Despite these positives, there are still reasons to be wary of investment. Block's software offering growth has lagged badly against TurboTax in the past. Software is a much lower revenue contributor, bringing down revenue-per-filing rates.

Further hurting these rates are increased office-based competition, both from small chains like Liberty Tax Service and from "pop-up" operators and accountants nationwide, which drastically undercut Block's fees.

In the long run, this is a market share industry, with not much organic growth. Add to this the fact that the market size opportunity will decline for the foreseeable future and there is not too much to be excited about.

2011 and possibly 2012 look decent for this company, as market share stabilizes and the effects of cost cuts take hold.
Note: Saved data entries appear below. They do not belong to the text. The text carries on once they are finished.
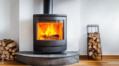 Modern Black Wood Burning Stove Fireplace Warm Cozy Interior Design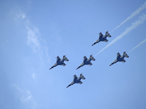 USAF Thunderbird Demonstration team fly in formation during an air show.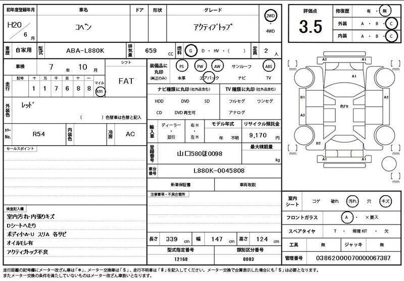 Cette 2008 DAIHATSU COPEN avec le code de modèle L880K est équipée d'un moteur de 659cc à Essence et a un kilométrage total de 118,000km.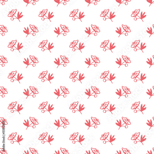 Cute Botanics Pattern With Red Petal And Green Leaf On White
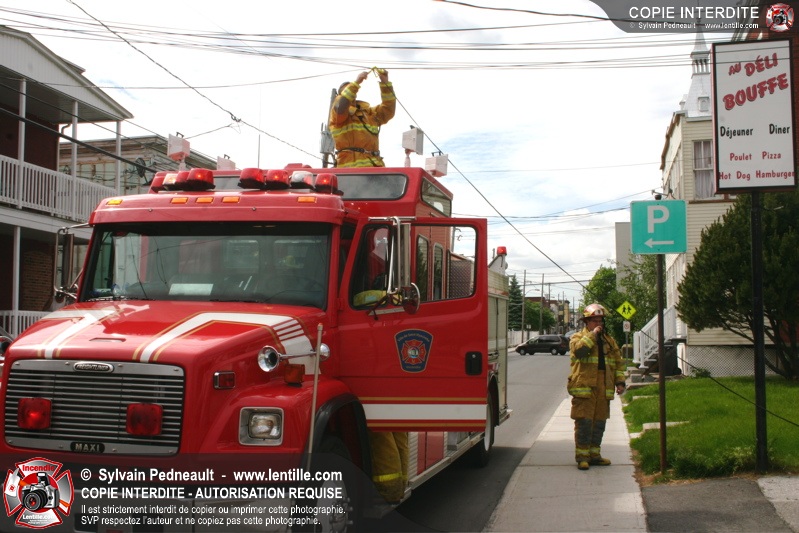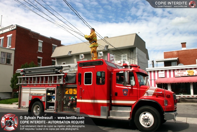 Les pompiers ont été appelés pour vérifier l'état d'un fil accroché par un camion sur la rue Concorde. Le fil de télécommunications pendait à une hauteur anormalement basse, tout comme plusieurs fils dans ce secteur.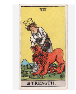 The Strength card represents your physical strength -- like that of the mighty Lion on your card -- as well as your emotional, mental and spiritual prowess. The Yellow and orange colour majorly showcase courage, power and inner strength just like the Leos. The colour yellow shows happy, benevolent personality.
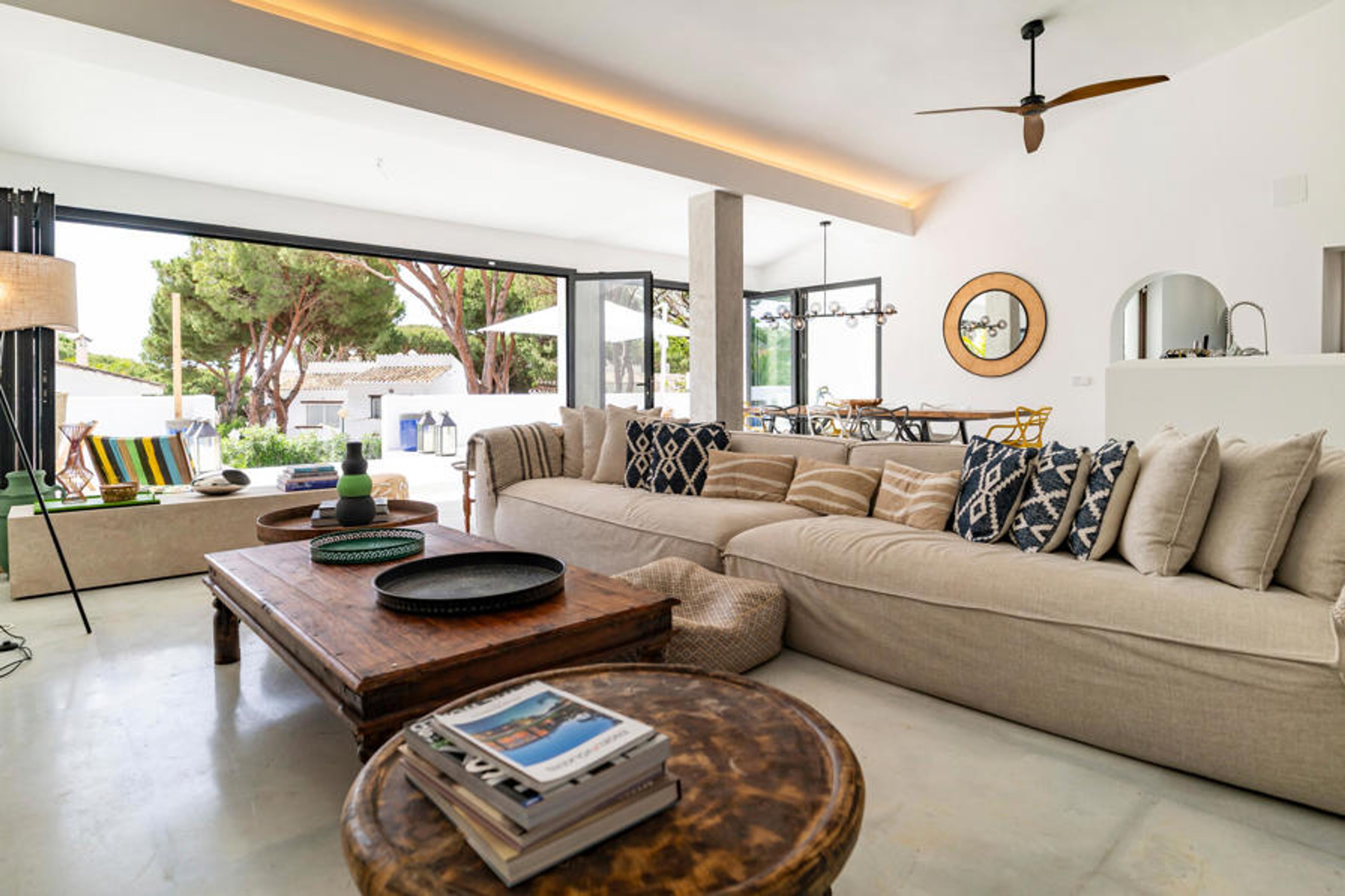 This spacious and tastefully furnished villa will spoil you with bright, elegant rooms where you will feel at home even with a larger group during a sociable holiday. Conjure up culinary highlights in the high-quality kitchen and celebrate your meals at the long dining table. Make yourself comfortable on the wonderful sofa area, stream a film or use the time together for good conversation over a glass of wine.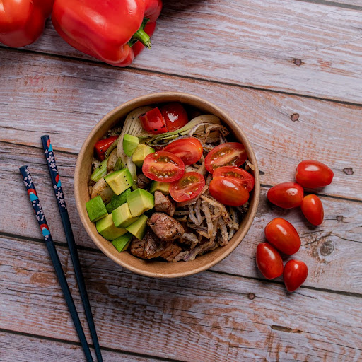 Poke con arroz de coliflor, filete de res choice, aguacate, pimiento morrón rojo asado, cebolla cambray asada, tomate cherry.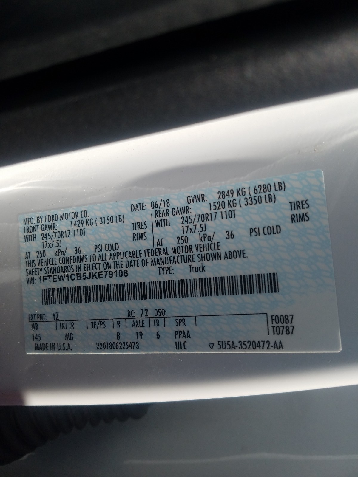 VIN: 1FTEW1CB5JKE79108

But given the poor long-term picture, I highly doubt that Wall Street gives back the 6% to 7% earnings yield the stock used to enjoy.

My fair value for HRB is $19, which is only about 12% of upside given the stock's current run. That's not enough to recommend it. Most of the returns have already been filed on this stock. MagicDiligence is putting the "neutral" rating on it. You can do better elsewhere.